- **WHAT THE EXERCISE ASKS**: Please copy all of the data that follows exactly, leaving any pictures out.

- **RECORDED DATA**:

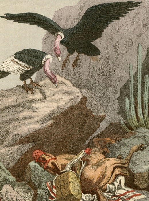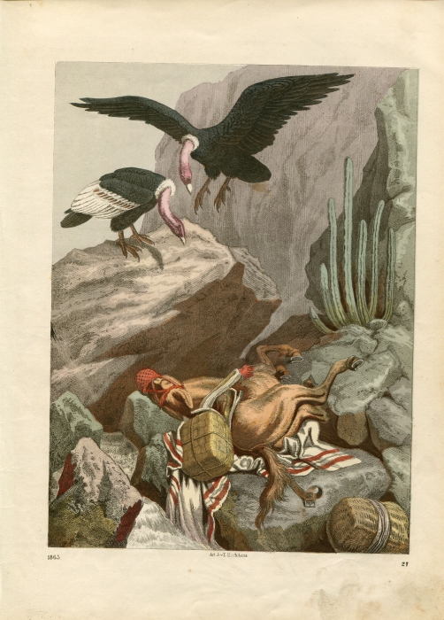 1865年 ドイツ 手彩色 銅版画 コンドル科 コンドル属 アンデスコンドル 博物画
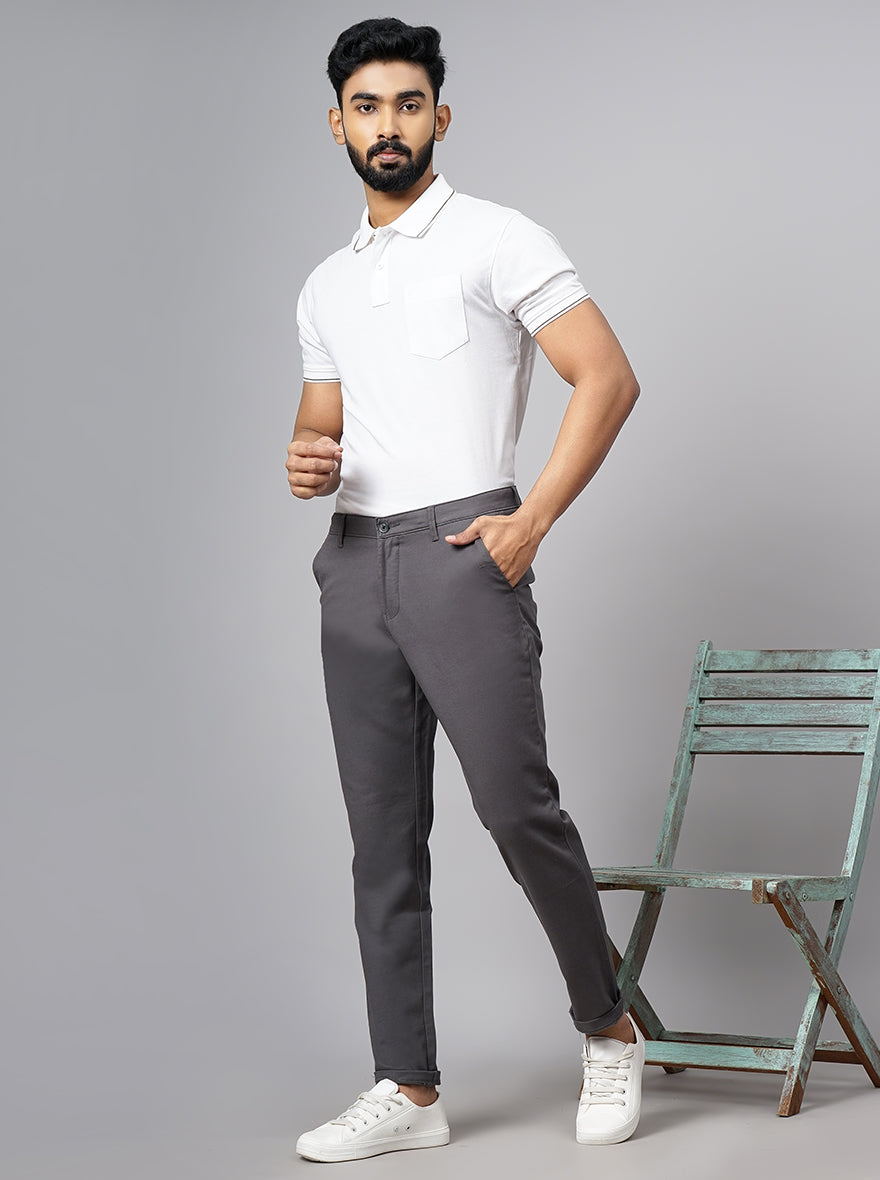 Dark Grey Dobby Neo Fit Casual Trouser | Greenfibre
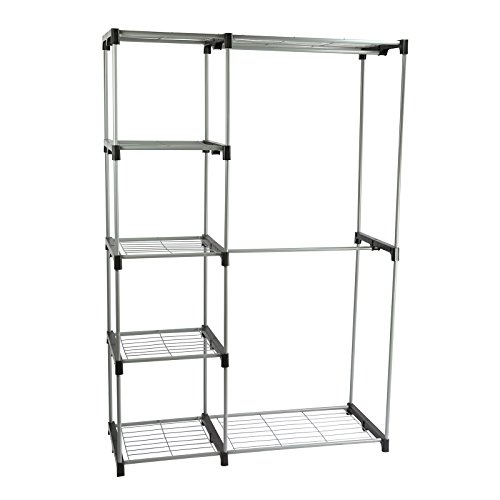 -. Feature : DURABLE & CONVENIENCE: Made by metal steel bar, and durable plastic support. This is perfect rack to organize your clothes! Have the flexibility to organize neatly folded clothes or hang clothes up with a clothes hanger! / FLEXIBILITY & CREATIVITY: Easy to assembly without any tools. Center rod can be removed for longer clothing such as dresses for maximum versatility. / EXTRA CLOSET SPACE SAVER: 4 layered smaller shelves for folded clothes or other items such as purses, bags, or organizer boxes. 2 sections to hang clothes, jackets, T-shirt. (An Upper & Lower Section) / LIGHT WEIGHT & EASY TO MOVE: Move around from bedroom to garage. Light weight cloth rack easily to move around. / GUARANTEE: Smart-Home products guarantee defect free/ damaged & come with 1 Year warranty. Message us if you have any problems
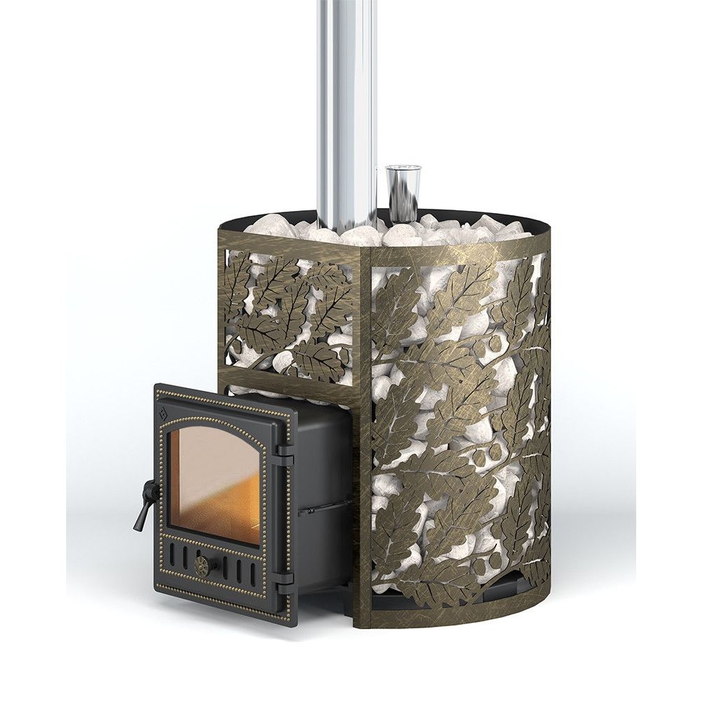 В комплектацию входит: Сборная печь со съемным топочным тоннелем и чугунной дверкой. Цилиндрическая закрытая каменка из нержавеющей стали марки AISI 430, рассчитанная на загрузку 35-40 кг камней мелкой фракции. Система капельной подачи воды на камни закрытой каменки. Канал для подачи воздуха в область вторичного дожига. Массивный чугунный колосник. Зольный ящик, выполненный из прочной стали, позволяющий оперативно проводить уборку печи. Стальной конвекционный кожух для укладывания камней. Термостойкий герметик для сборки печи. Инструкция по монтажу и эксплуатации.

- **TASK SOLUTION**:
 1865年 ドイツ 手彩色 銅版画 コンドル科 コンドル属 アンデスコンドル 博物画
 Dark Grey Dobby Neo Fit Casual Trouser | Greenfibre
 -. Feature : DURABLE & CONVENIENCE: Made by metal steel bar, and durable plastic support. This is perfect rack to organize your clothes! Have the flexibility to organize neatly folded clothes or hang clothes up with a clothes hanger! / FLEXIBILITY & CREATIVITY: Easy to assembly without any tools. Center rod can be removed for longer clothing such as dresses for maximum versatility. / EXTRA CLOSET SPACE SAVER: 4 layered smaller shelves for folded clothes or other items such as purses, bags, or organizer boxes. 2 sections to hang clothes, jackets, T-shirt. (An Upper & Lower Section) / LIGHT WEIGHT & EASY TO MOVE: Move around from bedroom to garage. Light weight cloth rack easily to move around. / GUARANTEE: Smart-Home products guarantee defect free/ damaged & come with 1 Year warranty. Message us if you have any problems
 В комплектацию входит: Сборная печь со съемным топочным тоннелем и чугунной дверкой. Цилиндрическая закрытая каменка из нержавеющей стали марки AISI 430, рассчитанная на загрузку 35-40 кг камней мелкой фракции. Система капельной подачи воды на камни закрытой каменки. Канал для подачи воздуха в область вторичного дожига. Массивный чугунный колосник. Зольный ящик, выполненный из прочной стали, позволяющий оперативно проводить уборку печи. Стальной конвекционный кожух для укладывания камней. Термостойкий герметик для сборки печи. Инструкция по монтажу и эксплуатации.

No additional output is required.